* [INSTRUCTIONS TO FOLLOW]:
Lower down are entries containing pictures. Copy exactly, without those pictures, the lines from the line with "新找的模特,感觉性格特别好,满屏的白丝大" through the line with "새로운 인터넷 연예인".

* [AVAILABLE DATA]:
● ● ●

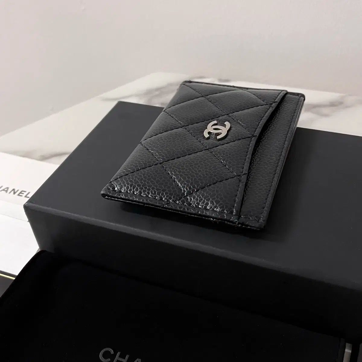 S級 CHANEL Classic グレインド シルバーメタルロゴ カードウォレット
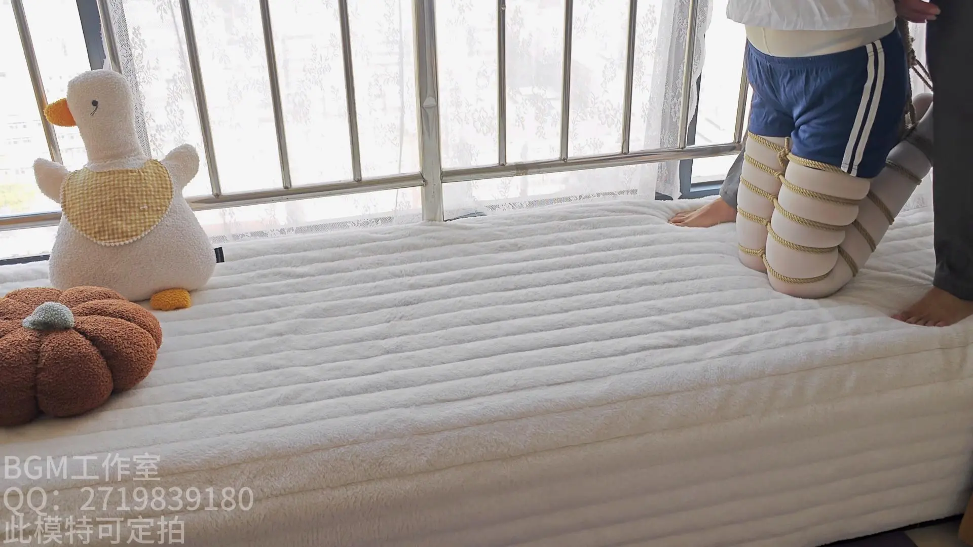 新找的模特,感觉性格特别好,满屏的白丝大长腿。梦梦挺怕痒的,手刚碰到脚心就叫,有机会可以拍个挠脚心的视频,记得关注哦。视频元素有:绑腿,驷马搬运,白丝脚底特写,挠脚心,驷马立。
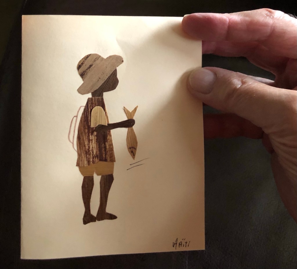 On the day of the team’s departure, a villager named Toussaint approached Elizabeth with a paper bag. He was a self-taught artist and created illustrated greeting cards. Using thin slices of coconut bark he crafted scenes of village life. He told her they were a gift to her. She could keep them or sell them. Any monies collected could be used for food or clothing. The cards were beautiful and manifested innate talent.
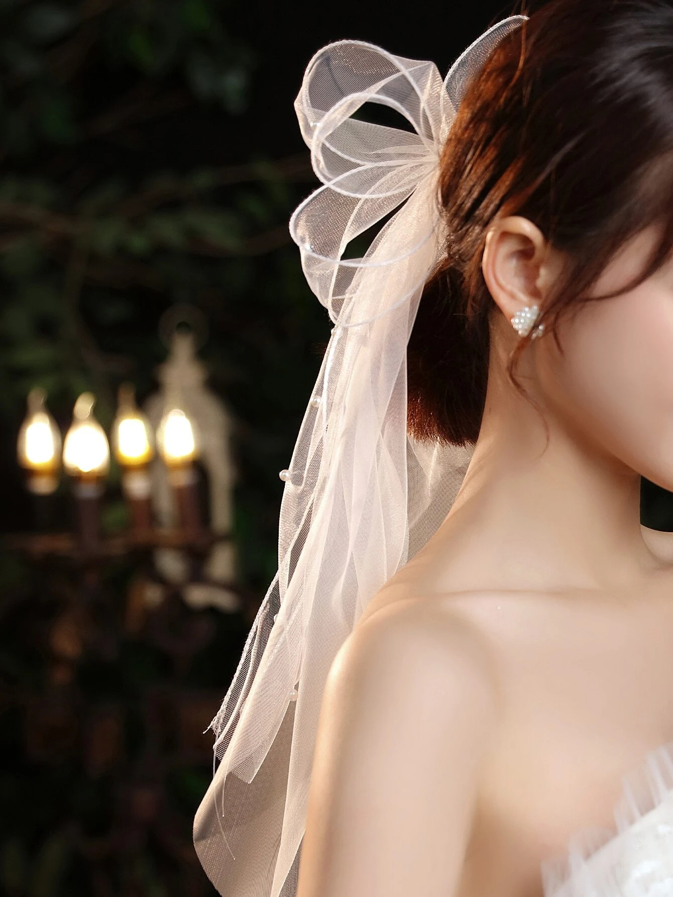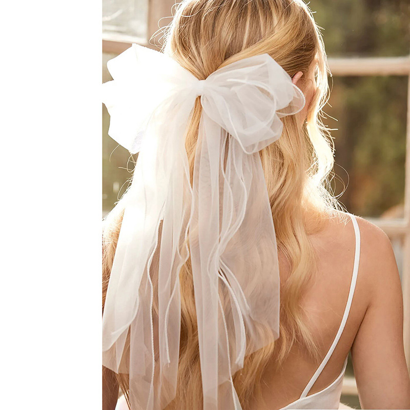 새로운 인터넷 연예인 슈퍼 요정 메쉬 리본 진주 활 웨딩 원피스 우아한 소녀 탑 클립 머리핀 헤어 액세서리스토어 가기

● ● ●

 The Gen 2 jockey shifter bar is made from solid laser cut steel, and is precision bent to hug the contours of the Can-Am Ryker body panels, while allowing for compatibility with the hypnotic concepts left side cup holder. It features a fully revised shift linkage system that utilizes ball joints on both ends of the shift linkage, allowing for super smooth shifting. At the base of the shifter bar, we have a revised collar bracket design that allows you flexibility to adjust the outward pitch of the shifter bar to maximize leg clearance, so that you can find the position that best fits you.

● ● ●

* [RESPONSE BELOW]:
 新找的模特,感觉性格特别好,满屏的白丝大长腿。梦梦挺怕痒的,手刚碰到脚心就叫,有机会可以拍个挠脚心的视频,记得关注哦。视频元素有:绑腿,驷马搬运,白丝脚底特写,挠脚心,驷马立。
 On the day of the team’s departure, a villager named Toussaint approached Elizabeth with a paper bag. He was a self-taught artist and created illustrated greeting cards. Using thin slices of coconut bark he crafted scenes of village life. He told her they were a gift to her. She could keep them or sell them. Any monies collected could be used for food or clothing. The cards were beautiful and manifested innate talent.
 새로운 인터넷 연예인 슈퍼 요정 메쉬 리본 진주 활 웨딩 원피스 우아한 소녀 탑 클립 머리핀 헤어 액세서리스토어 가기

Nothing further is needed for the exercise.